WHAT IS NEEDED:
Copy, exactly and without additions, every line in the records below from the one holding "Chaussettes en coton" through the one holding "The Broil King", both ends included.

INPUT DATA:
"""

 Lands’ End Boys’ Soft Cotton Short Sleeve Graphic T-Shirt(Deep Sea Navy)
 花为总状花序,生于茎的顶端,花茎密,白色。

"""
"""

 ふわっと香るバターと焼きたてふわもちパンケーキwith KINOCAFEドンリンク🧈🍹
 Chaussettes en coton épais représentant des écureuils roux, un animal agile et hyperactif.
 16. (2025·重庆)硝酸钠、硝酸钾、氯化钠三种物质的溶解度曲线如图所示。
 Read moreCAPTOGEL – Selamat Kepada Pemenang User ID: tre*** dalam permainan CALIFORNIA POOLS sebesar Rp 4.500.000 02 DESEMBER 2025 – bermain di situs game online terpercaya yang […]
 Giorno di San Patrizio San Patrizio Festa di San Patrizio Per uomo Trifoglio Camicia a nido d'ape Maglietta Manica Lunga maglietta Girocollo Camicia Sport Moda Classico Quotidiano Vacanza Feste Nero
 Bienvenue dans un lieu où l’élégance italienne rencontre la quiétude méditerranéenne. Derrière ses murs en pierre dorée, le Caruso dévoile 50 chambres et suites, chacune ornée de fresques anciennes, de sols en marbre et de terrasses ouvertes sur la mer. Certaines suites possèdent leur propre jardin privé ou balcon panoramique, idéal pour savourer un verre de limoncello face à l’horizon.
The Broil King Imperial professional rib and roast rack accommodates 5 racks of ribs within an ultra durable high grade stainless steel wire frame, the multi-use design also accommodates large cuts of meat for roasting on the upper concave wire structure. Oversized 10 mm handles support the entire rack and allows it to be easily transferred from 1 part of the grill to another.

"""

TASK RESULT:
 Chaussettes en coton épais représentant des écureuils roux, un animal agile et hyperactif.
 16. (2025·重庆)硝酸钠、硝酸钾、氯化钠三种物质的溶解度曲线如图所示。
 Read moreCAPTOGEL – Selamat Kepada Pemenang User ID: tre*** dalam permainan CALIFORNIA POOLS sebesar Rp 4.500.000 02 DESEMBER 2025 – bermain di situs game online terpercaya yang […]
 Giorno di San Patrizio San Patrizio Festa di San Patrizio Per uomo Trifoglio Camicia a nido d'ape Maglietta Manica Lunga maglietta Girocollo Camicia Sport Moda Classico Quotidiano Vacanza Feste Nero
 Bienvenue dans un lieu où l’élégance italienne rencontre la quiétude méditerranéenne. Derrière ses murs en pierre dorée, le Caruso dévoile 50 chambres et suites, chacune ornée de fresques anciennes, de sols en marbre et de terrasses ouvertes sur la mer. Certaines suites possèdent leur propre jardin privé ou balcon panoramique, idéal pour savourer un verre de limoncello face à l’horizon.
The Broil King Imperial professional rib and roast rack accommodates 5 racks of ribs within an ultra durable high grade stainless steel wire frame, the multi-use design also accommodates large cuts of meat for roasting on the upper concave wire structure. Oversized 10 mm handles support the entire rack and allows it to be easily transferred from 1 part of the grill to another.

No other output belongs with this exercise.